What to work on:
From the first line of the entries through the line containing "6月6日,在射陽中車風電葉片工程有限公司生產車間拍攝的大型風機葉片。新華社記者 李尕 攝", output everything exactly except the pictures.

The data:

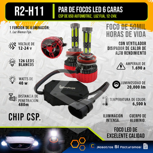 2 Focos Led H11 Ventilador Alta Baja Aro Luz 15,000lm 12-24v H11
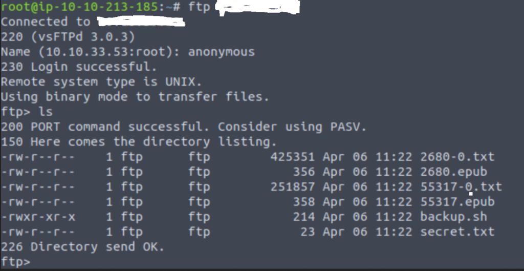 Now with these services found running on the target system, we can try to login to the ftp server anonymously. If anonymous login is enabled, then we can further explore to find our footings in the system and find valuable file to get shell access to the system.
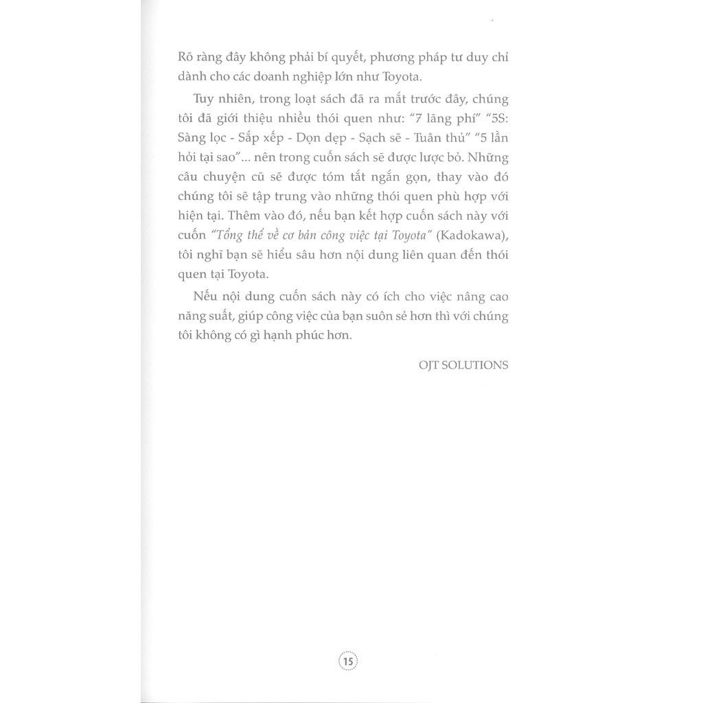 Cuốn sách "Những thói quen tại Toyota" mà tôi sẽ giới thiệu trong cuốn sách này không chỉ được áp dụng tại Toyota. Đây là những nguyên lý - nguyên tắc có tính phổ biến có thể áp dụng bất kể ngành nghề hay bất kỳ doanh nghiệp nào.
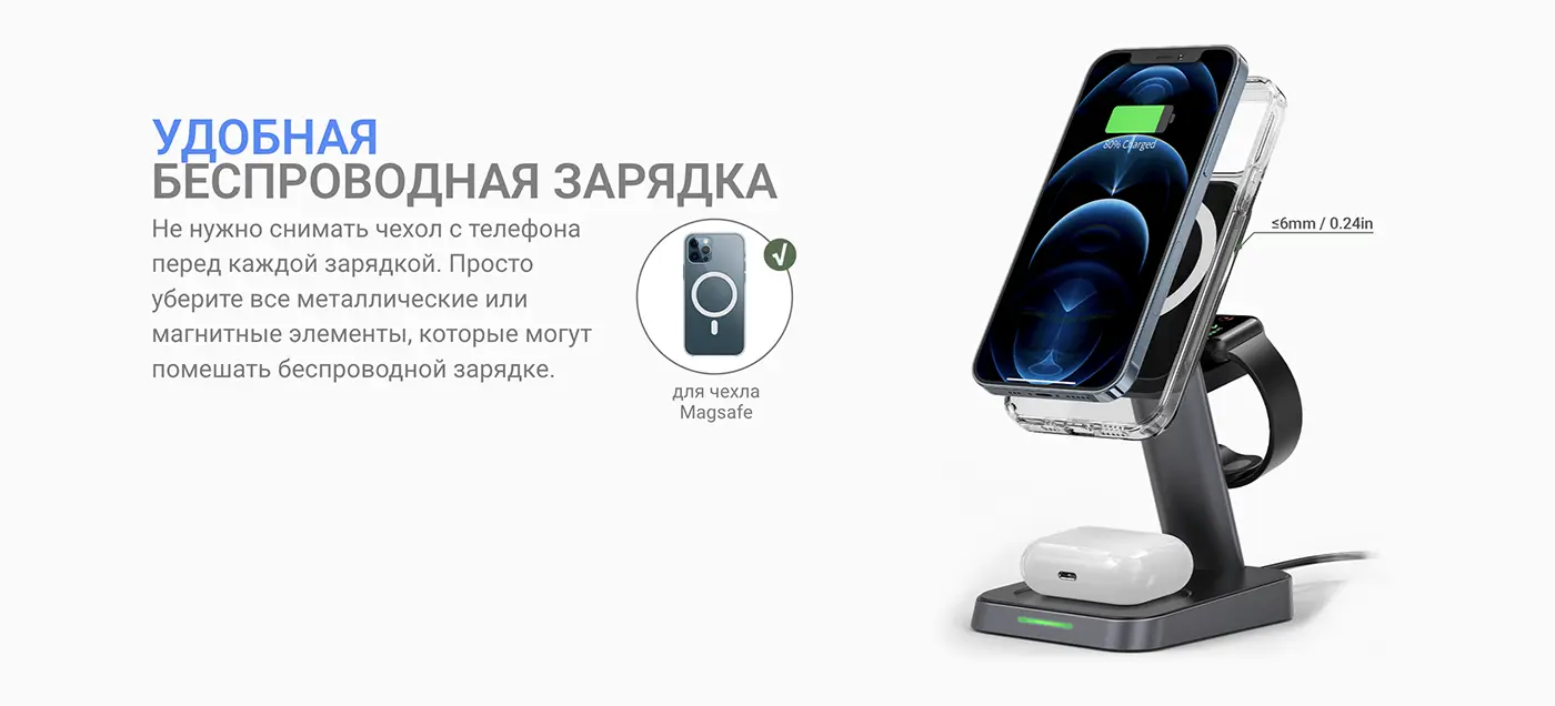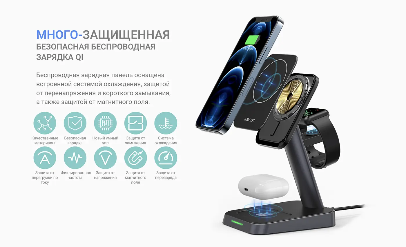 Быстрое и безопасное питание для AirPods/других TWS-наушников (5 Вт) и Apple Watch (2.5 Вт).
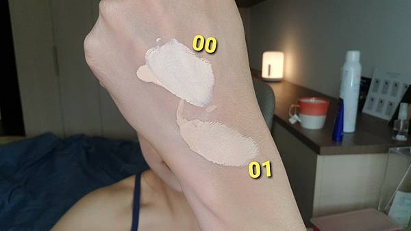 01對我來說太淺,我應該買02來遮我的黑眼圈才對,01擦起來會有點灰灰的,接下來再用00提亮,效果不好,我覺得我太衝動了,應該要先買一支就試試顏色才對,算了,千金難買早知道。
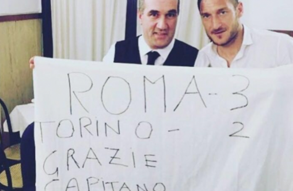 Любопытно, что в ресторане Тотти приветствовали вывеской «Рома» 3:2 «Торино», спасибо, капитан».
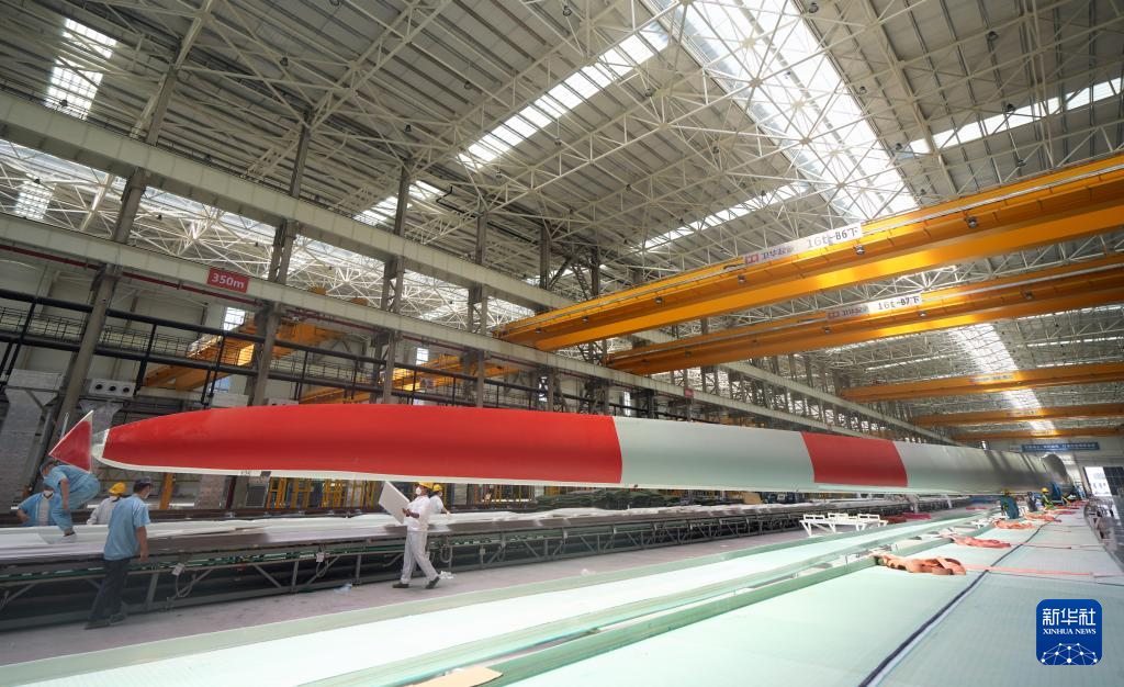 6月6日,在射陽中車風電葉片工程有限公司生產車間拍攝的大型風機葉片。新華社記者 李尕 攝
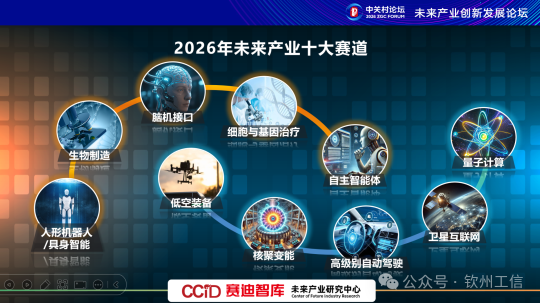 3月26日,《2026年未来产业十大赛道》报告在2026中关村论坛未来产业创新发展论坛上正式发布,这是中国电子信息产业发展研究院(赛迪研究院)未来产业研究中心连续第二年在中关村论坛发布“未来产业新赛道研究”系列成果。赛迪研究院副院长朱敏对报告内容进行了详细阐述。报告对2025年发布的未来产业十大赛道进行了全面回顾与前瞻展望,并结合2026年未来产业发展呈现的新特征、新趋势,在系统梳理全球前沿赛道最新发展进展的基础上,依据赛迪未来产业赛道评估体系,形成“2026年未来产业十大赛道”。
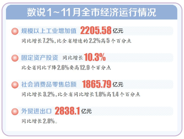1~11月,规模以上工业增加值2205.58亿元,同比增长7.2%,增速比1~10月回落1.0个百分点,比全省增速的2.2%高5个百分点。“2+1”产业中,电子行业增长3.6%;石化能源新材料行业增长11.1%,其中石化产业增长17.6%、能源产业增长2.2%、新材料制造业下降3.4%;生命健康制造业增长10.1%。先进制造业增加值增长9.5%,占全市规模以上工业增加值比重66.0%;高技术制造业增加值增长6.3%,占全市规模以上工业增加值比重39.1%。

Solution to the exercise:
 2 Focos Led H11 Ventilador Alta Baja Aro Luz 15,000lm 12-24v H11
 Now with these services found running on the target system, we can try to login to the ftp server anonymously. If anonymous login is enabled, then we can further explore to find our footings in the system and find valuable file to get shell access to the system.
 Cuốn sách "Những thói quen tại Toyota" mà tôi sẽ giới thiệu trong cuốn sách này không chỉ được áp dụng tại Toyota. Đây là những nguyên lý - nguyên tắc có tính phổ biến có thể áp dụng bất kể ngành nghề hay bất kỳ doanh nghiệp nào.
 Быстрое и безопасное питание для AirPods/других TWS-наушников (5 Вт) и Apple Watch (2.5 Вт).
 01對我來說太淺,我應該買02來遮我的黑眼圈才對,01擦起來會有點灰灰的,接下來再用00提亮,效果不好,我覺得我太衝動了,應該要先買一支就試試顏色才對,算了,千金難買早知道。
 Любопытно, что в ресторане Тотти приветствовали вывеской «Рома» 3:2 «Торино», спасибо, капитан».
 6月6日,在射陽中車風電葉片工程有限公司生產車間拍攝的大型風機葉片。新華社記者 李尕 攝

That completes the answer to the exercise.